Hierarchical Gradient Coding: From Optimal Design to Privacy at Intermediate Nodes

Abstract

Gradient coding is a distributed computing technique for computing gradient vectors over large datasets by outsourcing partial computations to multiple workers, typically connected directly to the server. In this work, we investigate gradient coding in a hierarchical setting, where intermediate nodes sit between the server and workers. This structure reduces the communication load received at the server, which is a bottleneck in conventional gradient coding systems. In this paper, the intermediate nodes, referred to as relays, process the data received from workers and send the results to the server for the final gradient computation. Our main contribution is deriving the optimal communication-computation trade-off by designing a linear coding scheme, also considering straggling and adversarial nodes among both relays and workers.
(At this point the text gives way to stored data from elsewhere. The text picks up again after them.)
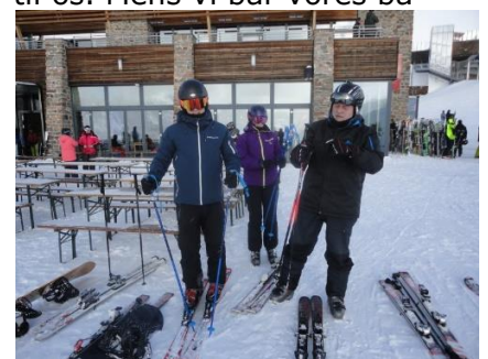
Vi er klar til at stå på ski 🎿
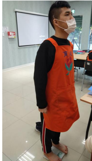
體重機及血壓機：服務對象定期測量體重、心跳及血壓

★淡水義山身心障礙者社區式日間照顧中心(以下稱本中心)為協助居住新北市之身心障礙者走出家庭、參與社區活動，於109年5月4日在新北市淡水區義山里啟動服務，本中心提供兩項服務模式，包含社區式日間照顧服務和作業設施服務，以此落實多元全面性的社區式支持服務。
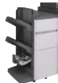
Finisher pinzatura sella
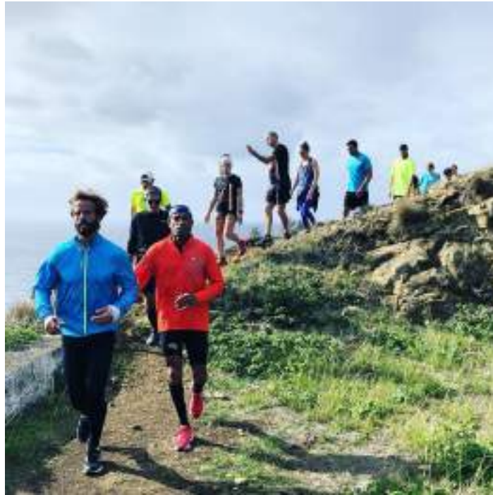
18 DE NOVEMBRO – Participação da Jornada Octakids no Estádio Universitário
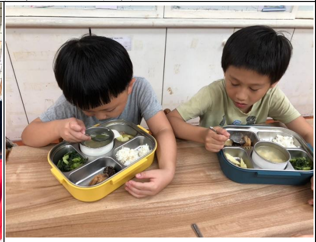
說明：利用分格餐盤讓孩子有均衡營養的概念。
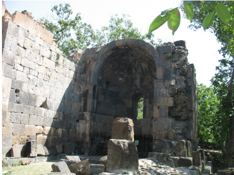
Ավանի Ս. Աստվածածին եկեղեցին

Այսօր էլ Ավան գյուղում կանգուն է, ցավալիորեն կիսավեր վիճակում, ավելի քան հազար վեց հարյուր տարիների անցուդարձերի կնիքը հպարտորեն կրող Ս. Աստվածածին եկեղեցին: Այն ունի վաղմիջնադարյան հայկական եկեղեցաշինությանը բնորոշ միանավ բազիլիկի ձև՝ ուղղանկյուն հատակագծով:

We propose a coding scheme which achieves both the optimal relay-to-server communication load and the optimal worker-to-relay communication load. We further extend our setting to incorporate privacy by requiring that relays learn no information about the computed partial gradients from the messages they receive. This is achieved by introducing shared randomness among workers, allowing each worker to encode its partial gradients such that the randomness cannot be canceled out at the relay. Meanwhile, the server can successfully decode the global gradient by eliminating this randomness after receiving the computations of the non-straggling relays. Importantly, this privacy guarantee is achieved without increasing the overall communication load.